Financial Services: Real-Time Fraud Detection & Regulatory Compliance¶
Executive Summary¶
This use case demonstrates how a mid-tier commercial bank with $45 billion in assets under management (AUM) and 2 million retail accounts leverages Microsoft Fabric to unify real-time fraud detection, anti-money laundering (AML) monitoring, credit risk scoring, and regulatory reporting into a single analytics platform.

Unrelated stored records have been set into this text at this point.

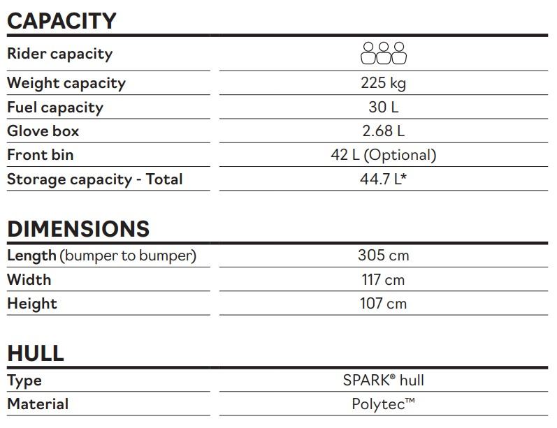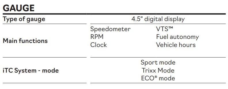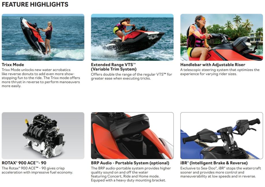 • TRIXX™ PACKAGE: BRP Audio - portable system (optional), handlebar with adjustable riser, Extended Range VTS™ - Variable Trim System, step wedges, Exclusive coloration
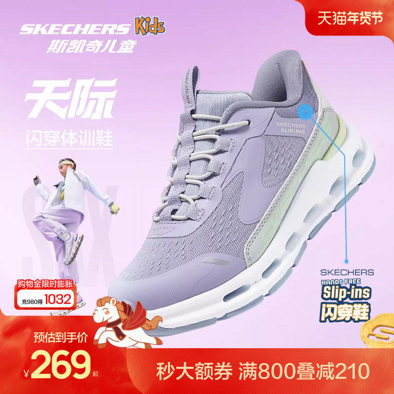 Skechers斯凯奇儿童天际闪穿鞋春季女童轻便防滑运动鞋一脚蹬跑鞋
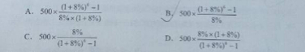 32. 某投資者6年內每年末投資500萬元,若基準收益率為8%,復利計息,年末可一次性收回的本利和為( )萬元
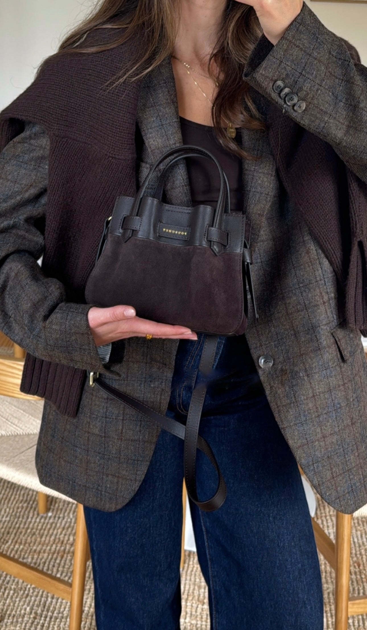 En elegant og tidløs veske laget av ekte kuskinn. Den glatte overdelen i skinn kombineres med en nedre del i semsket skinn, som gir designet en vakker kontrast mellom tekstur og glans. Vesken har ett hovedrom, magnetlukking og syntetisk fôr.
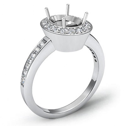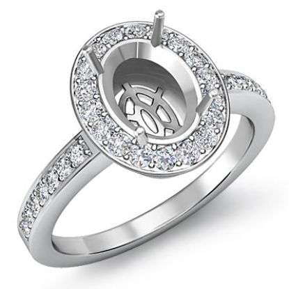 Diamond Engagement Oval Ring Platinum Halo Pave Setting Semi Mount (1Ct. tw.)
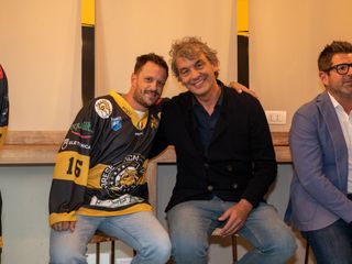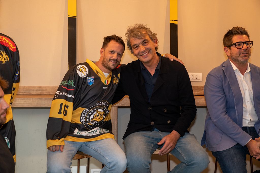 L'applauso dei tifosi presenti al Caffè Beccaria, che domani si trasferiranno a Bressanone per l'esordio in campionato delle ore 20 (ci sono ancora un paio di posti sul pullman di Mastini Forever, per aggregarsi basta chiamare il numero 348 2254089) è per la chiusura del padrone di casa, Claudio Pucci, che non dimentica la sua vita da portiere giallonero: «Il portiere è il 50 per cento dell’hockey - dice dopo essersi complimentato con il costruttore della squadra, Matteo Malfatti, seduto al suo fianco - Ottimi acquisti, avrete soddisfazioni. Ma lasciatemi dire due cose sui portieri: Perla è più all style, più reattivo con magari un pizzico di fisicità in meno, dall’altra Dalla Santa è un portiere di posizione che sfrutta proprio il fisico per coprire la porta. Coach Claude Devèze (seduto accanto a lui), avrà un bel compito. Mi fa molto piacere proprio che Claude sia tornato, è una bellissima persona. In bocca al lupo, ragazzi».
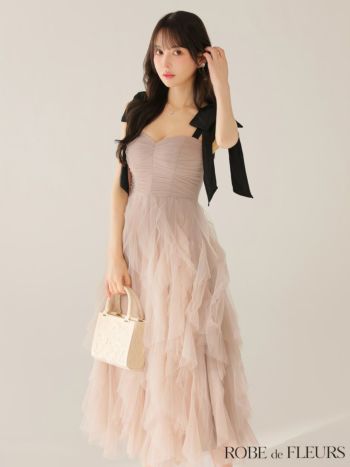 XS~Lあり!華やかで愛されシルエット♪ 予約商品【2月下旬入荷予定】【ROBEdeFLEURS/ローブドフルール】ノースリーブ チュール リボンショルダー ボリューム Aラインロングドレス (fm3463)
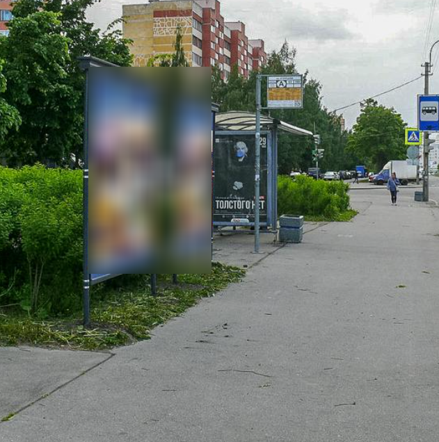 Фотография рекламного носителя, тип: Афиша 1.75x1.8, адрес: Маршала Захарова ул., пр. Кузнецова, д.22, корп. 1, установка 1, Санкт-Петербург, Россия. Сторона A №1100500
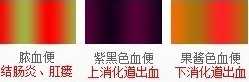 膿血便:直、結腸癌,潰瘍性腸炎。
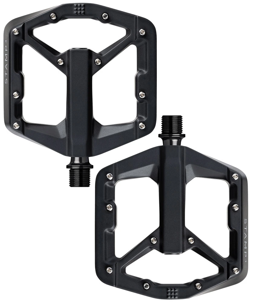 Die Stamp 3 von Crankbrothers sind größenspezifische Plattformpedale mit Magnesium-Pedalkörper und jeder Menge Grip. Sie sind die optimale Schnittstelle zwischen Bike und Schuh.
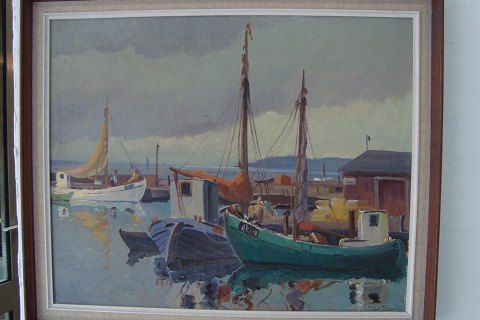 Maleri af H. Ytting - Fiskekuttere i havn.

The architecture replaces a fragmented legacy stack of batch-oriented SAS models, siloed data warehouses, and manual reconciliation processes with a modern lakehouse that delivers sub-second fraud decisioning and continuous compliance.
Key Outcomes¶
| Metric | Before Fabric | After Fabric | Improvement |
|---|---|---|---|
| Card fraud detection latency | 45 seconds | < 2 seconds | 95% faster |
| False-positive rate | 12% | 3.8% | 68% reduction |
| Annual fraud losses | $18.2M | $8.1M | $10.1M savings |
| AML alert triage time | 4.2 hours | 38 minutes | 85% faster |
| Regulatory report prep | 3 weeks | 2 days | 90% faster |
| Data platform cost | $1.2M/year | $300K/year | 75% reduction |
Industry Context¶
The Financial Services Challenge¶
Financial institutions face a converging set of pressures:
- Fraud escalation - Card-not-present (CNP) fraud grew 30% YoY to $9.49B in US losses (Nilson Report 2025). Real-time authorization decisioning is table stakes.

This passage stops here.